These are the chronicles of the Laundry Wars.
Although I’ve been a prisoner for many years, I am now wounded in action.
I am one basket of laundry beyond folded.
Today began all mellow-yellow. It was calm and quiet. My son went to a friend’s house and my daughter and I were just chillaxin. After lunch we decided to walk to the city pool. Sure it was a hike and a half. Yes, the neighbor marveled at our determination to swim, but the sun was shining and temps were rising. We were carefree and slathered in sunscreen.
Then my phone rang. A change of plans was bringing my son and his friend back to my house, so my daughter and I turned and headed towards home, sans swim. We were almost to our doorstep when my daughter’s two long-lost friends came walking down the street. It was a great reunion.
The kids spent the afternoon eating ice-pops and playing noisy games. Friends and frozen sugar – those are the things summer days are made of.
Then they removed the grate from the heating vent on the second floor. It’s not really a heating vent, but more of an airway. It’s a square vent that moves warm air from the first floor wood stove room to the second floor bedrooms. It works wonders in the winter. You can stand above the upstairs vent and feel warm air rushing through the grate.
The kids thought it would be great fun to pass stuffed animals from the second floor down to the first.

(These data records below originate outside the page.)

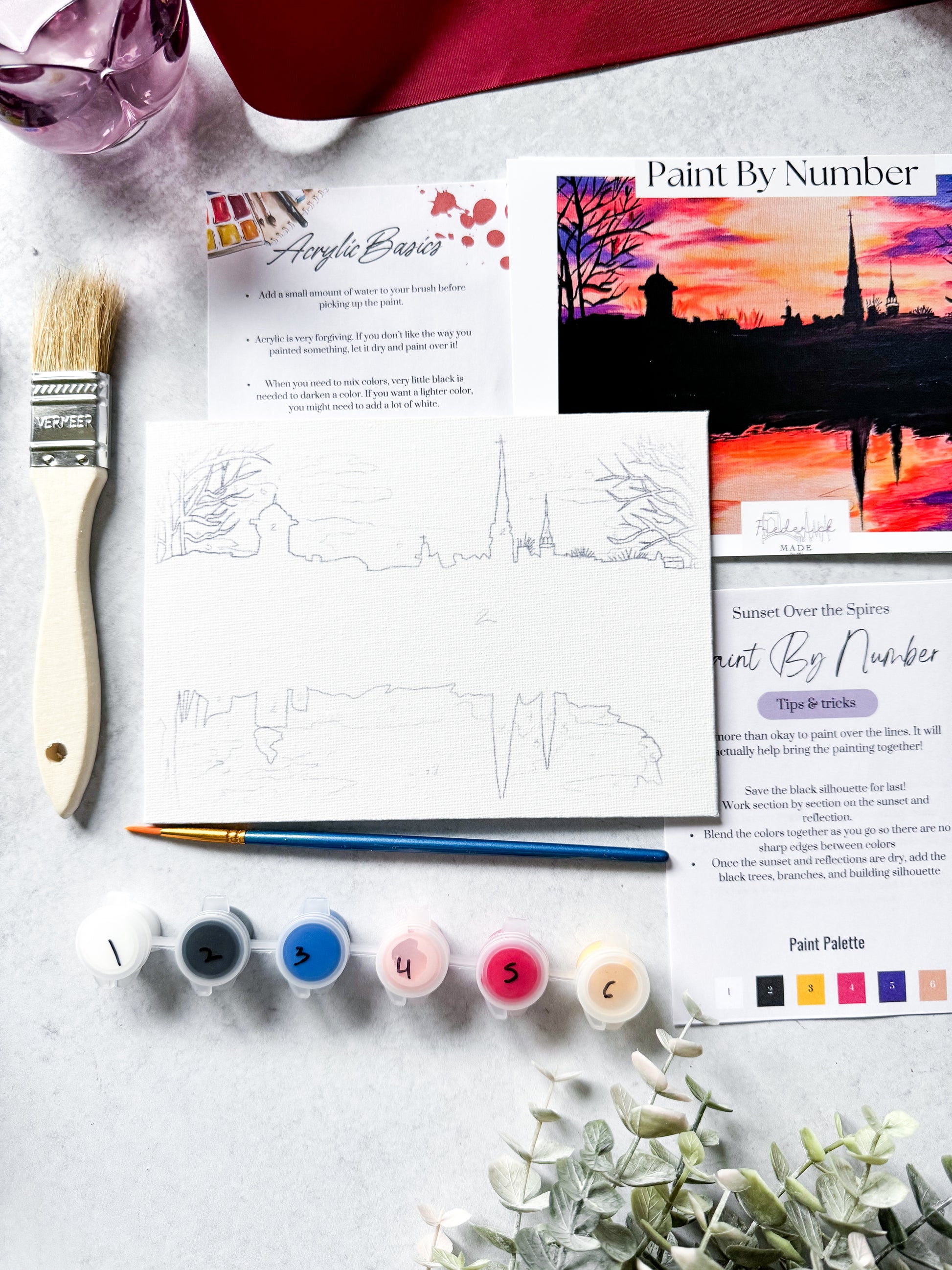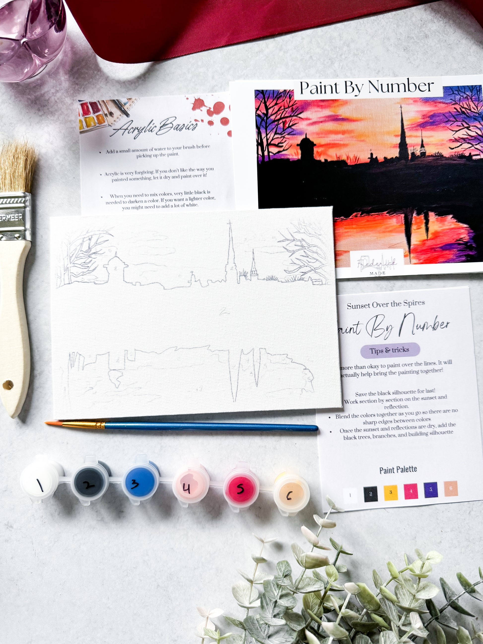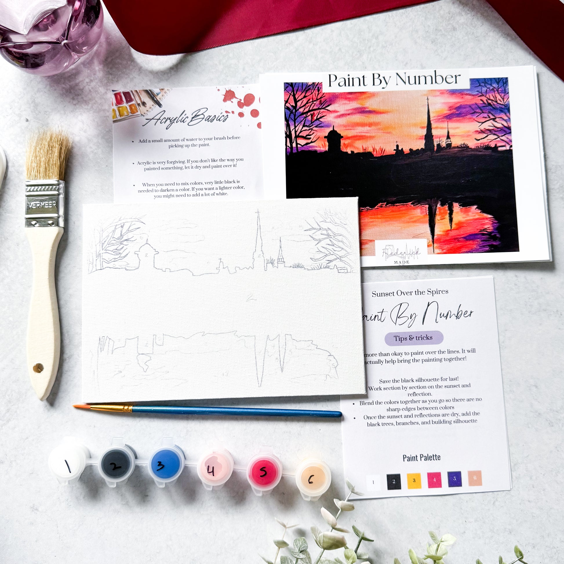 Each kit comes with a 5x7 pre-traced canvas, numbered paint pots and a paint brush. Fill in the corresponding numbers with paint or choose your own colors for a unique twist on one of these paintings.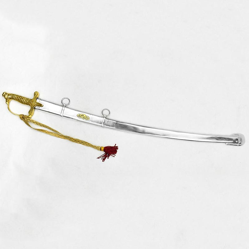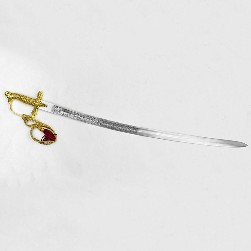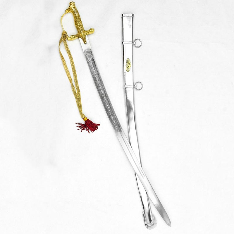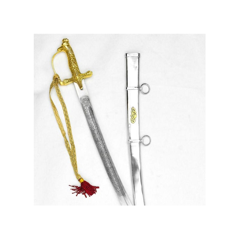 This reproduction of a sword once owned by General Wladyslaw Sikorski has a blade of high carbon steel which is etched on a single side with scrollwork filigree and the words Honor Ojczyzny (Honor and Fatherland). The blade is strongly mounted into a hilt of fine cast brass and is finished with a braided sword knot. The scabbard is crafted from steel and is completed with a pair of steel hanging rings.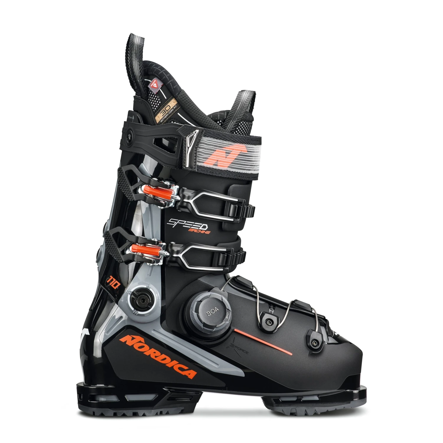 Elevate your experience—and your expectations—with Nordica’s Speedmachine 3 BOA® 110. Offering exceptional comfort and performance, this legendary all-mountain boot features the BOA® closure system for exceptional microadjustability. This closure system pairs perfectly with Nordica’s Tri Force technology by maximizing the transmission of energy. It also boosts power and control.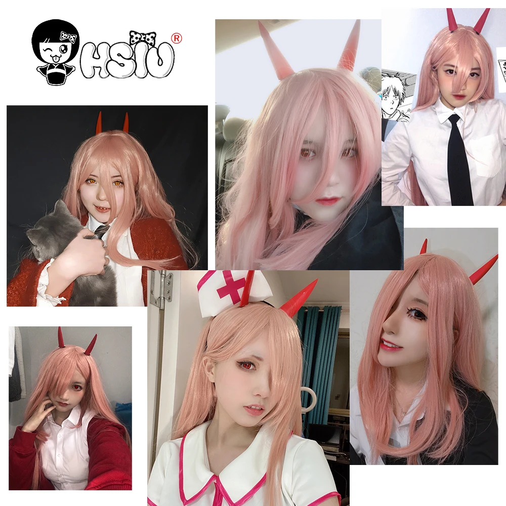 Парик мощный для косплея человека из аниме бензопила, пикантный синтетический парик с длинными волосами, розового, оранжевого цвета, с бесплатным подарком, головной убор с шапочкой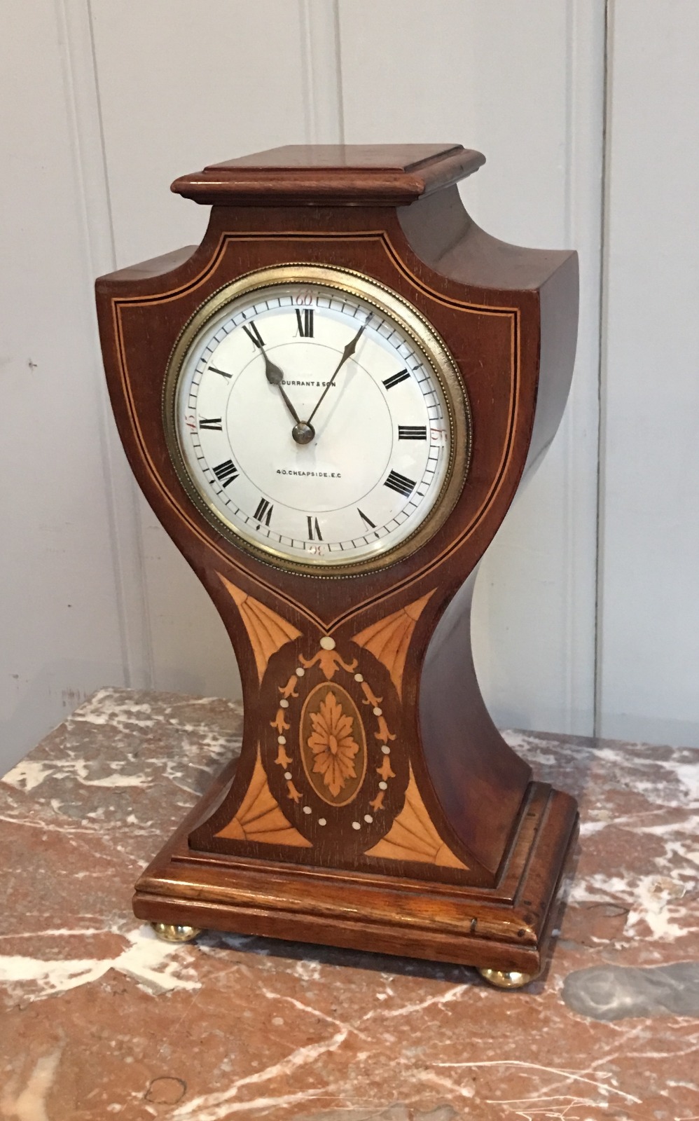 Edwardian Mahogany & Inlay Balloon Clock c.1905 (England & France)

At one point, a large dark green stuffed snake dangled in the air. The angry bird flew between the floors and was lost for a few minutes. The stuffed animals were running wild.
Since I’m a pretty laid back parent, I let them have their fun. I mean, I probably would have done the same when I was kid.
Since I relinquished all the good parts of the house to the children, I decided to get our laundry done. Like I said, I’ve been at war with the laundry for a long time. My washer leaks water, my dryer runs when it wants, and my laundry basket spews dirty clothes at will.
I’ve been losing this war on laundry, and I suspect I am not alone.
Someone once said (I think it was Sean Connery in The Hunt for Red October) that there is a certain peace only known on the other side of war.
I haven’t found peace in soap suds. Yet.
As if that’s not bad enough, my laundry wounded me in action.
I grabbed a great big pile of folded clean clothes and headed up the stairs. I walked about two steps through the hallway when my entire body fell to the floor and then kept falling.
Like so many say, time seems to stand still when something bad happens, namely an accident. My life didn’t flash before my eyes, and I certainly didn’t think I was about to die, but I did think “I am going to crash right through the floor.”
I was certain I would end up in my dining room on the first floor, but I didn’t fall that far.
I only lost a leg and a pile of laundry to the hole. Unfortunately it felt as though I’d broken my shin. I hung there between floors and wondered how in the world I was going to pull myself out. My son witnessed the entire episode. If I had my wits about me, I would have sent him for my camera.
Imagine a shot of my leg dangling through the ceiling?
Surely I could have won some bloggy award for that.
But I wasn’t thinking straight. So I pulled myself out and hobbled back down the stairs.
Laundry – 7, Me – 0
I don’t think I broke anything, but I’ve got bruises a plenty. The only blessing is that this totally gets me out of doing Jillian’s Killer Buns and Thighs video. At least for this week.
Don’t you worry though, I may be wounded, but I am not defeated.
The Laundry Wars will continue. I will conquer the enemy and the load of whites sitting in the washing machine.
Who will fight with me?
Pick up your Soap and your Softener and Wash on!